For those that actually look at this blog, I hope this material brings a little sunshine as your weekend concludes. I love Nike’s All Conditions Gear division and I know a fair few who are equally, if not more, psychotic about the product they’ve pumped out over the years. Even those speckled, beige boxes have us babbling incoherently. I’m constantly haunted by turning down an ACG trip in Utah back in late 2008 (I had my reasons) where I could have nerded out by campfire. ACG is bigger than sneakers to me — the colours and resolutely uncommercial nature of the range always struck me as a labour of love rather than some cash-in, with several key Nike personnel enjoying steep gradients in the name of fun. That ACG aesthetic still resonates in contemporary product and 1989-1995 was one of the best times to be a little peculiar about offroad product. The colours on the apparel at the time of ACG’s 1989 launch are particularly interesting.

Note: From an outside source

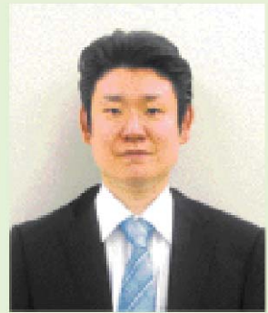
経営支援チーム配属
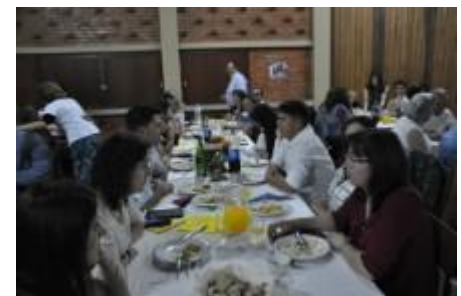
Cena africana para recaudar fondos

PARA ENTREGAR INFORMACION Y FOTOS PARA OTROS EDICIONES EN EL FUTURO POR FAVOR DE ENVIAR A CUALQUIERA DE LAS EDITORIAS:

From 1981’s launch of Magma, Approach (complete with GORE-TEX) and Lava Dome to the Escape runner and the rugged pieces in each subsequent catalogue (Son of Lava Dome, anyone? Bring that back) and the Nike Hiking line pre-ACG, the mix of muted and some brave blasts of pop colour, trail styling was a significant influence on my perception of good design. It’s a good thing that I found myself working alongside folk who appreciated it too. It’s no surprise that Japanese collectors appreciated ACG’s odder pieces (like the Moc) a little more on their debut, but the work of Tinker Hatfield, Sergio Lozano, Tory Orzeck, Peter Fogg, Carl Blakeslee and Robert Mervar on the silhouettes is appreciated round these parts. Salutes to Nate VanHook for his work on ACG via Nike Sportswear too — seeing the Lunar Macleay on an inspiration board at Stone Island HQ in the new ‘INVENTORY’ proves that shoe made its mark in terms of innovation as well as nods to old Nike favourites.
Of course, there’s the “what if?” factor too. Geoff Hollister was set to launch Nike Aqua Gear (with an emphasis on boat activity) around the time ACG was launched — a watery Nike sub-range to work alongside the Aqua Sock. It could have generated some brilliantly lurid garments and further footwear, but sadly wasn’t to be. Later ACG releases made to work in and out of rivers and streams carry some Aqua Gear spirit, while the Sock stays classic.
Over the last few years an emphasis on retro has distracted us from some of Nike’s brilliantly polarizing ACG releases. The Tallac, debuted in 2003 was a classic piece of strange and 2009’s Zoom Ashiko was excellent too. This seasons fine Zoom Meriwether feels like the intelligent offspring of the former footwear. My buddy Frank the Butcher (not to be mistaken with Mike Reid’s wheeler-dealer) recently tweeted a picture of some black-on-black ACG boots that piqued my interest. I enjoy the Nike boot’s status as an inner city orientated release masquerading as an offroad design.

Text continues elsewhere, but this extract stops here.